There was very little in the way of correlation between movements in global sovereign bond yields and absolute returns of global listed infrastructure, the firm said, but noted that when looked at in relative to equity performance a strong relationship could be seen.

“Global infrastructure outperforms global equities by 9.7 percentage points annually during periods of falling sovereign yields and underperforms by 6.4 percentage points annually when nominal interest rates are rising,” the firm said, adding that the analysis found that all sectors of infrastructure, barring ports, outperformed global equities when interest rates were falling.

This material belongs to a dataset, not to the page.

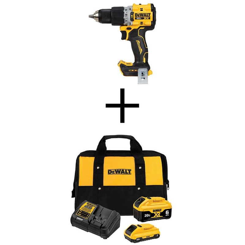 DEWALT DCD805BWCB246CK 20-Volt Compact Cordless 1/2 in. Hammer Drill with 6.0 Ah and 4.0 Ah Batteries, Charger and BagDesigned to help you complete demanding fastening and drilling projects, this 20-Volt maximumXR Brushless 1/2 in. Hammer Drill/Driver delivers the durability and performance professionals need on jobsite. Quickly drive fasteners into material with its powerful brushless motor, which outputs up to 40% more Unit Watts Out compared to DCD796B using DCB205 battery or DCBP034 DEWALT POWER STACK battery (sold separately). Speed through masonry drilling applications with up to 34,000 bpm thanks to an integrated hammer mode function. This lightweight, well-balanced Hammer Drill/Driver was built compact to help users comfortably work in tight spaces for extended periods of time. The 3-position, pivoting LED is designed to enhance visibility in dimly lit work areas with its 3 mode settings and up to 70 Lumens of brightness. This 20-Volt maximum starter kit DCB246CK includes a XR 6.0Ah battery, a XR 4.0Ah battery, 4 Amp charger and a kit bag.Complete challenging projects with up to 40% more UWO verses the DCD796B using DCB205 battery or DCBP034 DEWALT power stack battery (sold separately)Access hard to reach work areas: compact 7 in. size is 1/2 in. shorter in length compared to the DCD796, tool head onlyHigh bit retention with 1/2 in. metal ratcheting chuckPro-level speed, control and precision: high-speed transmission with variable trigger and 2 speed settings (0-650/0-2,000 rpm)Brighten dark work areas: adjustable 3-position, 3 mode LED with up to 70 Lumens, including LED spotlight mode which features a 20-minute shutoff function for extended work time in low-light spacesDesigned to help you get more done with optimized performance and runtimeManage and track tools at the jobsite: drill/driver chip pocket accepts tool connect chip DCE042 and connects with tool connect site manager app for seamless worksite asset management (DCE042 sold separately)DCB240 4 Amp hour (80-Watt hour) capacity provides extended runtimeDCB240 Compatible with 20-Volt maximum tools and chargersDCB240 includes fuel gauge 3 LED charge indicatorDCB240 lighter weight with same capacity as DCB204 4 Ah batteryDCB240 same size and weight as DCB230 20-Volt MAX compact 3 Ah batteryDCB246CK one 20-Volt MAX XR 6.0Ah battery and one 20-Volt MAX XR 4.0Ah battery provide up to 10 Amp hours of capacityDCB246CK charges all 12-Volt, 20-Volt and 60-Volt MAX batteries at a 4 Amp charge rateDCB246CK kit includes a soft bag for additional tool storageDCB246CK batteries come with a 3-year free service warrantyDCB246CK 3-LED fuel gauge system for immediate feedback on the state of chargeDCB246CK no memory and virtually no self-discharge for maximum productivity and less downtimeDimensionsProduct Depth (in.)7 inProduct Height (in.)8.14 inProduct Width (in.)2.5 in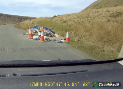 Large pile of rubble dumped on narrow single track lane. There are some road cones around it so it may have already been reported.

When looked at in terms of changes in real interest rates, the impact of inflation expectations was revealed. Looking specifically at U.S. based infrastructure securities as the firm said, as those represent the largest number and broadest diversity of sectors, it demonstrated a clear difference between the performance of infrastructure in periods of rising yields and when yields are falling.

 

“The difference between nominal and real interest rate changes can mostly be explained by inflation expectations,” Deutsche Bank explained: “holding nominal yields constant, as inflation expectations rise, real yields will fall. The fact that infrastructure securities benefit from falling real yields, whereas equity securities show no correlation, would imply that infrastructure securities should provide a hedge against rising inflation expectations,” the firm said. 

As the chart shows, from December 2008 to March 2013, the rate moved from 9 basis points to 251, the firm said, adding: “during that time period, U.S. infrastructure outperformed U.S. equities by a total of 54%. The rate then moved down to 143 basis points and U.S. equities outperformed U.S. infrastructure by a total of 23%.”